▸ Data section:
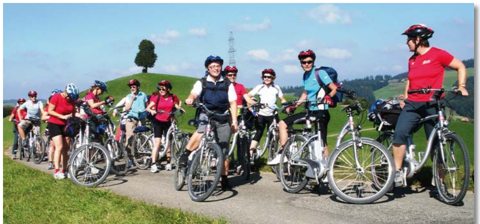
Die Aerobic-, Volleyball- und Fitnessgruppe auf Elektro-Bikes im Emmental.

Die Aerobic-, Volleyball- und Fitnessgruppe wurde dieses Jahr ins Emmental ent-führt. Mit Elektro-Bikes führte der Weg von Hasle-Rüegsau über das hügelige Emmental vorbei an wunderschönen Bauernhöfen nach Willisau. Viel Spass machte das flotte Tempo. Nach einem gemütlichen Nachtes-sen und Übernachtung auf dem Bauernhof ging es am Sonntag weiter zu einer inter-essanten Führung in die Schaukäserei in Afoltern im Emmental.
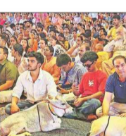
कथा सुनते श्रद्धालु।

▸ Problem requirements: Omitting all pictures, restate exactly the lines of the material from its start through the line that contains "Die Aerobic-, Volleyball- und Fitnessgruppe wurde".

▸ Problem solution:
Die Aerobic-, Volleyball- und Fitnessgruppe auf Elektro-Bikes im Emmental.

Die Aerobic-, Volleyball- und Fitnessgruppe wurde dieses Jahr ins Emmental ent-führt. Mit Elektro-Bikes führte der Weg von Hasle-Rüegsau über das hügelige Emmental vorbei an wunderschönen Bauernhöfen nach Willisau. Viel Spass machte das flotte Tempo. Nach einem gemütlichen Nachtes-sen und Übernachtung auf dem Bauernhof ging es am Sonntag weiter zu einer inter-essanten Führung in die Schaukäserei in Afoltern im Emmental.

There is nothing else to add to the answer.